European business is still weak, but the losses are heading the right way
Europe remains the awkward bit. Sales fell 4.7% to £4.7 million, and online revenues in Europe were down 23.4% to £4.1 million as management focused on more profitable sales rather than chasing volume.
That said, there is genuine improvement beneath the surface. European adjusted EBITDA losses narrowed to £0.5 million from £0.8 million, and the Utrecht store in the Netherlands reached break-even in its first full year.
My take: this is better, but Europe is still a project rather than a profit engine. Investors should be pleased that losses are shrinking, but I would not give this division too much credit yet.
Cash, buybacks and balance sheet strength give Angling Direct options
Angling Direct ended the year with net cash of £10.9 million and no external borrowing outside lease liabilities. That is a strong position for a small-cap retailer and gives the group room to invest without stretching itself.
Adjusted free cash flow improved sharply to £4.8 million from £1.3 million. Reported cash fell during the year, but that was largely because the group kept investing in new stores, technology and its ongoing share buyback.
On buybacks, the company returned £1.1 million to shareholders by the year-end and £2.0 million to date under the £4.0 million programme. That has reduced shares in issue by approximately 6%, which helps support earnings per share.
The slight downside is that there is still no dividend. That is not necessarily a problem if capital is being reinvested at strong returns, but income-focused investors will need to look elsewhere for now.
Upgraded medium-term objectives: why this matters for investors
The board has upgraded its medium-term objectives, and that is one of the most important parts of the announcement. The new targets include a UK revenue flightpath to £125 million and UK adjusted EBITDA of more than £8 million.
- UK business on a flightpath to revenue of £125 million
- UK business on a flightpath to more than £8 million adjusted EBITDA
- Grow MyAD and leverage its value
- Build a sustainable European business focused on Germany and the Netherlands
- Deploy cash under a formal capital allocation policy with a flightpath to more than 15% adjusted ROCE
- Remain angling retail’s largest responsible employer
This matters because boards do not usually upgrade targets unless they believe momentum is real. It is a vote of confidence in both the current trading model and the scalability of the UK business.

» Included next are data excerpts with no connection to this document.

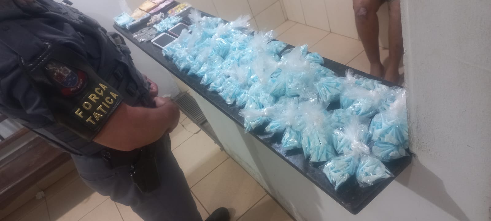 De acordo com informações, o sargento Alcântara e os cabos Jefferson e Tiago estavam em operação pelo referido local, quando avistaram o menor, o qual tentou fugir, mas foi detido. Em revista pessoal, foram localizados entorpecentes dentro de uma pochete. Nas proximidades onde o menor estava, foram localizadas mais drogas. No total foram apreendidos 1.610 pinos de cocaína, 19 pedras de crack, 07 porções de maconha, 38 comprimidos de ecstasy, R$ 2.144,00 e 03 celular. O menor foi encaminhado para a Central de Polícia Judiciária, onde foi qualificado e liberado.
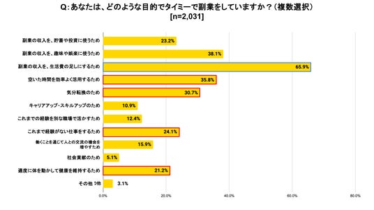 - タイミーで副業をする目的として最も多かったのは「副業の収入を、生活費の足しにするため」であった一方、「空いた時間を効率よく活用するため」「気分転換のため」「これまで経験がない仕事をするため」「適度に体を動かして健康を維持するため」など、収入を増やすだけではない目的で利用する人も一定数いることが判明。
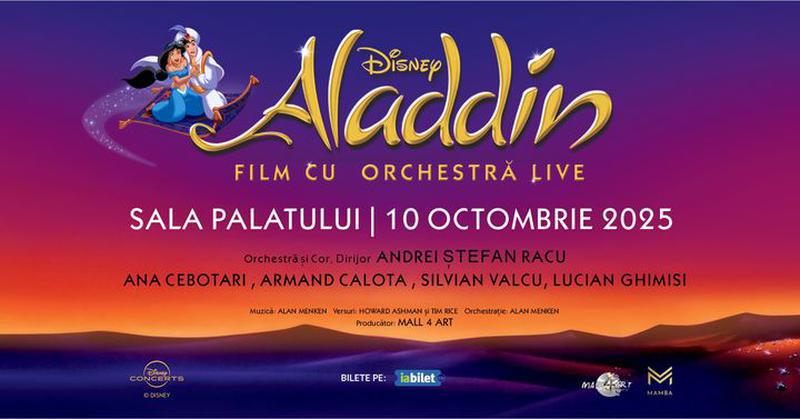 Pe 10 octombrie 2025, Sala Palatului va găzdui spectacolul „Aladdin in Concert”, cu muzica premiată Oscar interpretată live sub bagheta dirijorului Andrei Ștefan Racu.

Current trading in FY27: still positive, but the pace has eased
There is one clear note of caution. Group revenue grew 9.7% in February, with UK revenue up 11.8%, but trading softened in March and April after the onset of the Middle East conflict. Group revenue in those two months increased 5.4%, while UK revenue rose 7.6%.
That is still growth, just not at the same pace. Management says extra costs such as fuel surcharges and freight have been relatively insignificant and fully mitigated so far, with no impact on FY27 guidance at this stage.
I would take that as reassuring, but not bulletproof. The company itself says the short-term implications are uncertain, so investors should expect a bit of wobble in sentiment if consumer demand weakens further.
What Angling Direct final results mean for retail investors
Overall, this is a good result. The UK business is growing nicely, margins are improving, MyAD is becoming a genuine moat, and the balance sheet is strong enough to support expansion and buybacks at the same time.
The negatives are real but manageable. Europe is still loss-making, the cash balance is lower than last year, there is no dividend, and current trading has softened from the blistering pace seen earlier. But none of that is enough to spoil the main message.
For me, the key takeaway is that Angling Direct looks like a retailer gaining market share in a tough environment, not just surviving one. When a business can grow revenue, expand margin, improve earnings and raise medium-term targets all in the same update, investors usually pay attention.